There will be some confusion when we're using the word "synchronization". When we talk about OS-syncing we mean using synchronization primitives such as atomics, mutexes, semaphores etc. When we talk about sync-blocks, sync-regions, etc. we mean the Reowolf language's distributed consensus feature.

## Preliminary Notes

The runtime was designed in several iterations. For the purpose of documentation, we have had:

- Reowolf 1.0: A single-threaded, globally locking runtime.
- Initial 1.2: A single-threaded runtime, no longer globally locking. The newly designed consensus algorithm worked quite well and reasonably efficiently (not measured by comparison to another runtime, rather, the idea of the consensus algorithm was simple and efficient to perform)

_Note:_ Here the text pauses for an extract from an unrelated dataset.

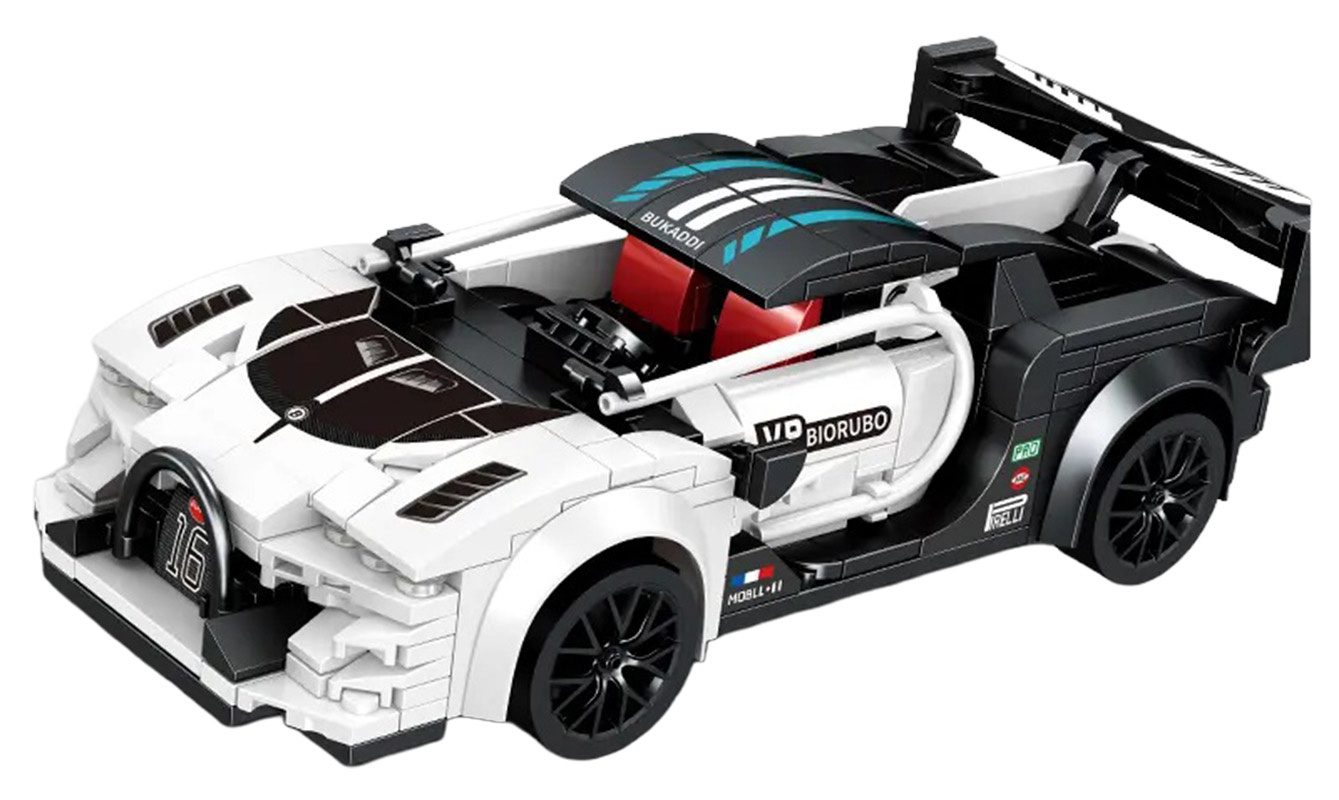 | Wysokiej jakości klocki konstrukcyjne dla dzieci od szóstego roku życia. Zestaw składa się z klocków, z których zbudować można białe auto sportowe. Auto jeździ we wszystkich kierunkach do przodu do tyłu w prawo i lewo. Sterować je można za pomocą pilota dołączonego do zestawu lub przy pomocy aplikacji w telefonie. Aplikację można pobrać skanując kod QR znajdujący się na opakowaniu. Dzięki aplikacji można nie tylko poruszać pojazdem, ale również zaprojektować jego ruchy. Pojazd zasilany jest akumulatorem typu 3,7V (w zestawie), pilot bateriami typu 2 x AA 1,5V (brak w zestawie).

- Multithreaded 1.2, v1: Here is where we moved towards a more multithreaded design. From the start, the idea was to "maximize concurrency", that is to say: we should only use OS-syncing when absolutely appropriate. Furthermore the initial implementation should be somewhat efficient: we should not employ locks when it is not absolutely necessary. The following remarks can be made with respect to this initial multithreaded implementation:
  - Because there will generally be far more components than there are hardware threads, an efficient implementation requires some kind of scheduler that is able to execute the code of components. To track which components are supposed to run, there will be a work queue. The initial implementation features just a single global work queue. Each thread that is executing components is called a scheduler in this document.

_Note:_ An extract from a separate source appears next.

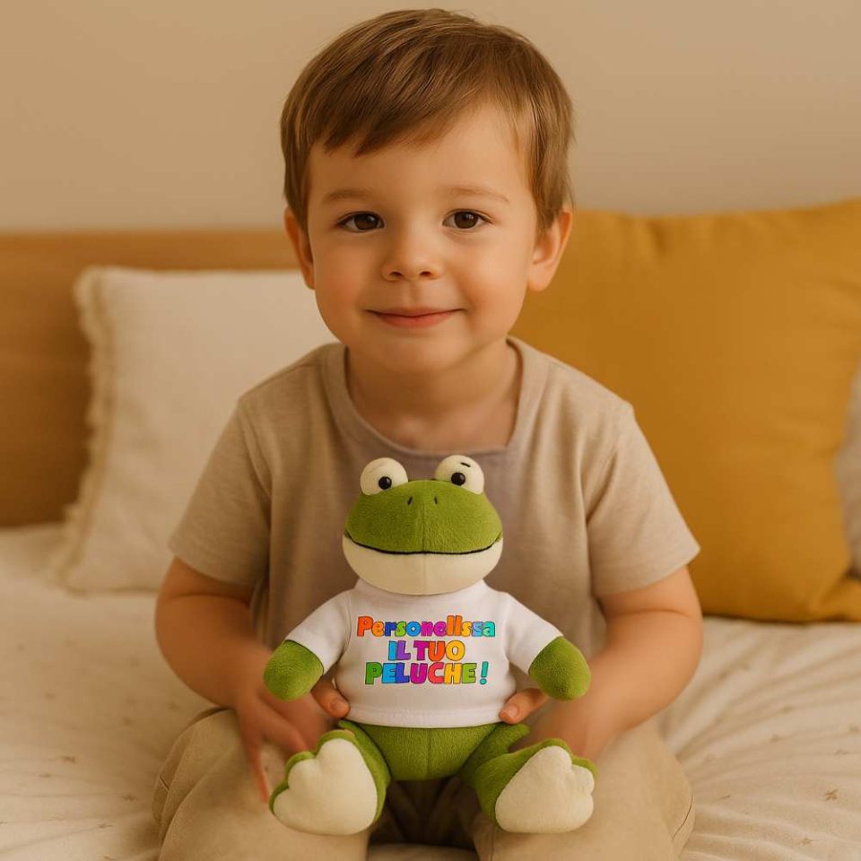 Morbido Peluche Ranocchio Personalizzato con Foto e testo – Pupazzo Rana con t-shirt bianca personalizzabile – Idea Regalo per San Valentino Natale Festa della Mamma o Papà Compleanno

  - At the most basic level, a component has properties that allow access by only one writer at a time, and properties that are conceptually (ofcourse we need some kind of OS synchronization) accessible by multiple writers at a time. At the very least, executing the code of a component should only be performed by one writer at a time (the scheduler), while sending messages to a component should be allowed by multiple schedulers. Hence the runtime splits component properties into two: those that should only be accessed by the scheduler that is executing the code, and those that should be accessible by all schedulers at any time.